Instead of machining and assembling rigid components, Allonic's system weaves robot bodies in a way that's closer to making clothing than industrial machinery. It braids high strength fibers, elastic materials, tendons, cables, and other wiring around a simple internal frame. The result is a robot that's mechanically complete and ready for activation.
The startup shared footage of the system creating a five-fingered robotic hand capable of grasping and manipulating objects. Allonic says the structure resembles musculoskeletal anatomy, with its structural support, movement, and internal routing formed together.
The 3D tissue system differs from additive manufacturing. Instead of stacking material layer by layer like a 3D printer, it intertwines fibers that are braided and tensioned for strength and flexibility. According to Allonic, the method simplifies the production of next-gen robots by reducing part count and eliminating failure points.
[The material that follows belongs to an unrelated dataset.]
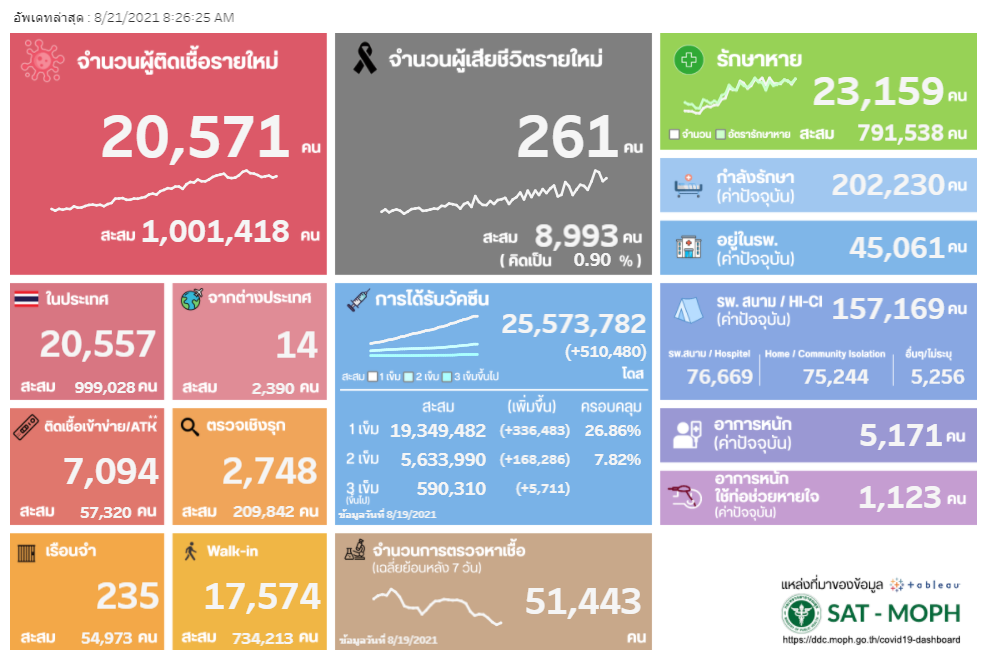 โควิดวันนี้ – รายงานสถานการณ์การแพร่ระบาดของเชื้อโควิด-19 ในวันที่ 21 สิงหาคม 2564 โดยข้อมูลจากเพจเฟซบุ๊ก ศูนย์ข้อมูล COVID-19 และเว็บไซต์ www.ddc.moph.go.th วันนี้พบผู้ติดเชื้อรายใหม่ 20,571 ราย ซึ่งแบ่งออกเป็นสองกลุ่มคือ ผู้ติดเชื้อรายใหม่ 20,336 ราย และผู้ติดเชื้อในเรือนจำ 235 ราย หากนับรวมยอดผู้ติดเชื้อตั้งแต่ช่วงเดือนเมษายนที่ผ่านมานั้น จำนวนผู้ป่วยสะสม 1,001,418 ราย ในส่วนของผู้เสียชีวิตวันนี้ 261 ราย หากนับรวมยอดผู้เสียชีวิตตั้งแต่ช่วงเดือนเมษายนที่ผ่านมานั้น เป็นจำนวน 8,993 ราย
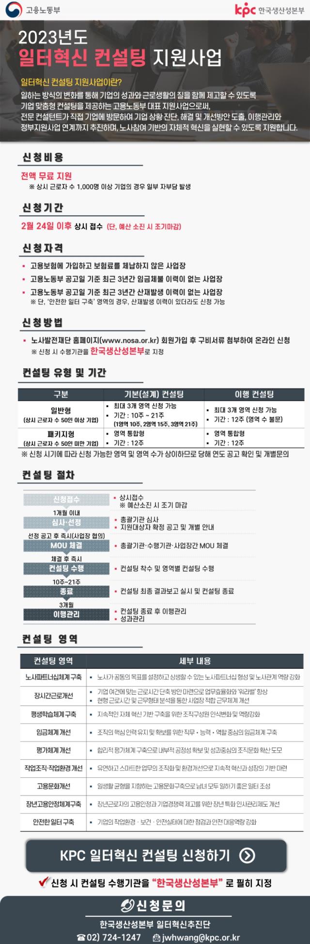 [공고] (한국생산성본부) 2023년 일터혁신 컨설팅 지원사업장 모집 공고 (~8.11)

Allonic is focused on robotic hands, manipulators, and limbs for now but says the system is meant to scale to larger humanoid robot bodies over time. The startup is reportedly in talks with major US robotics and technology firms to scale deployments.
New humanoid startup out of Hungary: Allonic
The unique hand design moves away from rigid industrial design toward a biomimetic approach.
- Each finger is braided around like a rope in a single autonomous process; this process also includes the threading of the tendons through the braided "tissues."
- The braidings wrap around and provide distributed load across the surface of the finger rather than a single point of failure.
- The hand naturally conforms to objects during a grip and allows for variable stiffness like human hands.
The cost of the hand (not including motors) could be as low as $50.